Given material>
= = = = = = =
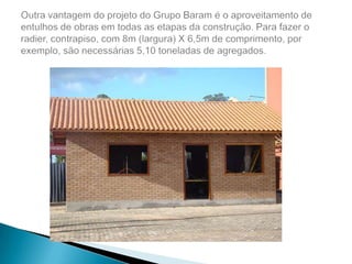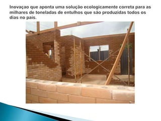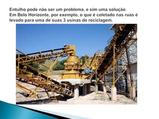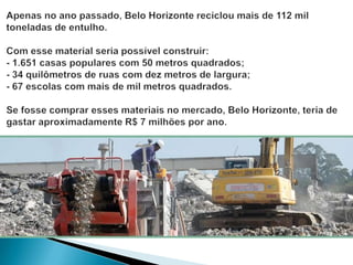 O documento discute os problemas causados pelo lixo gerado na construção civil e as vantagens da reciclagem desse lixo. A construção civil gera cerca de 70% do lixo das cidades e seu descarte incorreto causa problemas ambientais e eleva custos. A reciclagem desse lixo pode reduzir custos, gerar novos materiais e reduzir o volume de aterros sanitários. No entanto, ainda há poucos incentivos e investimentos nessa área no Brasil.
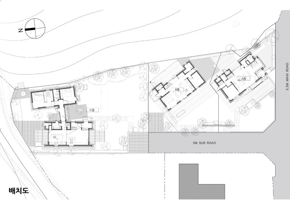 | 어쩌다이웃@두동 설계자 | 김성준_(주)건축사사무소 위(WEE) 건축주 | A동 _ 조자영 / B동 _ 이리나 / C동 _ 노상득 감리자 | 김성준 _ (주)건축사사무소 위 시공사 | 이주형 _ (주)아이엔건설 설계팀 | 김휘원, 전행아, 강은엽, 송주연, 주정영, 채우리 대지위치 | 울산광역시 울주군 두동면 이전천변길 주요용도 | A동 _ 단독주택+근생 / B동 _ 단독주택 / C동 _ 단독주택 대지면적 | A동 _ 305.00㎡ / B동 _ 305.00㎡ / C동 _ 586.00㎡ 건축면적 | A동 _ 60.96㎡ / B동 _ 60.93㎡ / C동 _ 109.81㎡ 연면적 | A동 _ 210.29㎡ / B동 _ 121.86㎡ / C동 _ 99.81㎡ 건폐율 | A동 _ 19.99% / B동 _ 19.98% / C동 _ 18.74% 용적률 | A동 _ 39.76% / B동 _ 39.95% / C동 _ 17.03% 규모 | A동 _ 지하 1층, 지상 2층 / B동 _ 지상 2층 / C동 _ 지상 1층 구조 | 철근콘크리트조 외부마감재 | 청고벽돌, 외단열시스템 내부마감재 | 친환경 페인트(티쿠릴라) 설계기간 | 2015. 07 ~ 2016. 01 공사기간 | 2016. 01 ~ 2016. 07 사진 | 김휘원, 김성준 구조분야 : 은구조 |
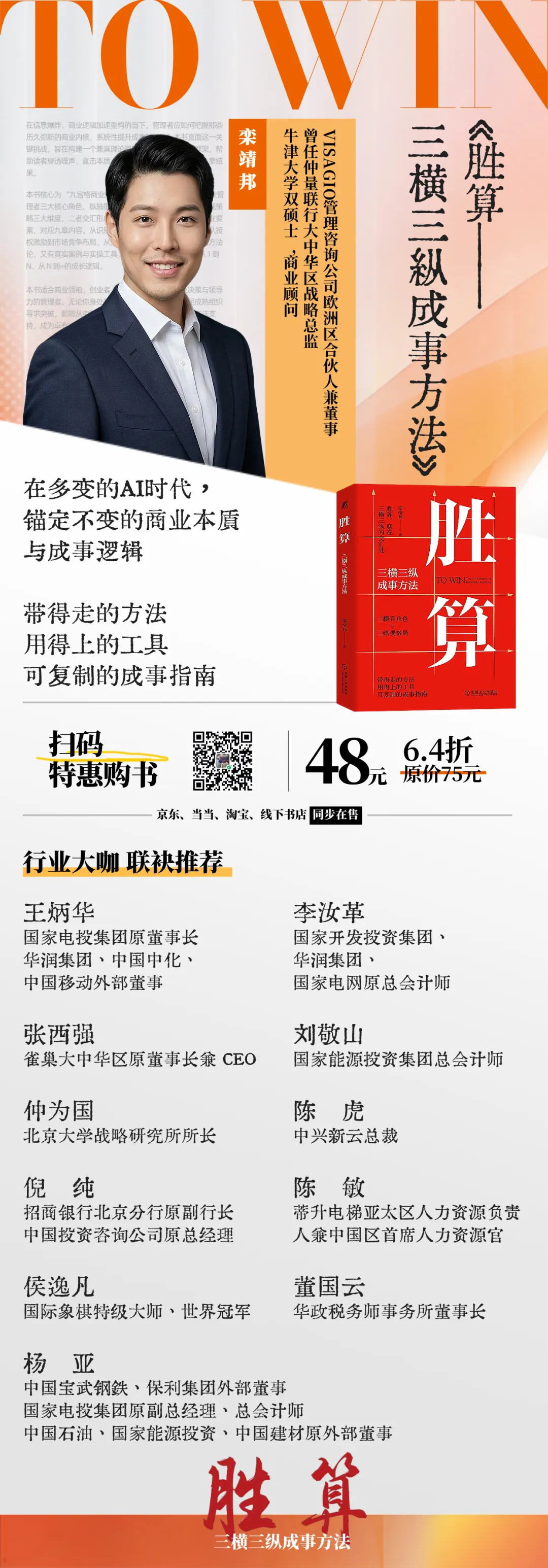 很多事的背后其实藏着一整套结构——那些分散的信息、混乱的判断、反复踩的坑,其实可以归集成一个有逻辑、有架构的框架。新书《胜算:三横三纵成事方法》中的“九宫格商业模型”,就是这样一种尝试:用三横三纵的框架,把复杂问题拆成可识别、可操作的认知节点,让模糊的判断变得有锚点。【长按下图识别二维码,优惠购书】
= = = = = = =
Requirement>
All the lines above need to be repeated exactly, with no pictures carried over.

Output of the exercise>
 O documento discute os problemas causados pelo lixo gerado na construção civil e as vantagens da reciclagem desse lixo. A construção civil gera cerca de 70% do lixo das cidades e seu descarte incorreto causa problemas ambientais e eleva custos. A reciclagem desse lixo pode reduzir custos, gerar novos materiais e reduzir o volume de aterros sanitários. No entanto, ainda há poucos incentivos e investimentos nessa área no Brasil.
 | 어쩌다이웃@두동 설계자 | 김성준_(주)건축사사무소 위(WEE) 건축주 | A동 _ 조자영 / B동 _ 이리나 / C동 _ 노상득 감리자 | 김성준 _ (주)건축사사무소 위 시공사 | 이주형 _ (주)아이엔건설 설계팀 | 김휘원, 전행아, 강은엽, 송주연, 주정영, 채우리 대지위치 | 울산광역시 울주군 두동면 이전천변길 주요용도 | A동 _ 단독주택+근생 / B동 _ 단독주택 / C동 _ 단독주택 대지면적 | A동 _ 305.00㎡ / B동 _ 305.00㎡ / C동 _ 586.00㎡ 건축면적 | A동 _ 60.96㎡ / B동 _ 60.93㎡ / C동 _ 109.81㎡ 연면적 | A동 _ 210.29㎡ / B동 _ 121.86㎡ / C동 _ 99.81㎡ 건폐율 | A동 _ 19.99% / B동 _ 19.98% / C동 _ 18.74% 용적률 | A동 _ 39.76% / B동 _ 39.95% / C동 _ 17.03% 규모 | A동 _ 지하 1층, 지상 2층 / B동 _ 지상 2층 / C동 _ 지상 1층 구조 | 철근콘크리트조 외부마감재 | 청고벽돌, 외단열시스템 내부마감재 | 친환경 페인트(티쿠릴라) 설계기간 | 2015. 07 ~ 2016. 01 공사기간 | 2016. 01 ~ 2016. 07 사진 | 김휘원, 김성준 구조분야 : 은구조 |
 很多事的背后其实藏着一整套结构——那些分散的信息、混乱的判断、反复踩的坑,其实可以归集成一个有逻辑、有架构的框架。新书《胜算:三横三纵成事方法》中的“九宫格商业模型”,就是这样一种尝试:用三横三纵的框架,把复杂问题拆成可识别、可操作的认知节点,让模糊的判断变得有锚点。【长按下图识别二维码,优惠购书】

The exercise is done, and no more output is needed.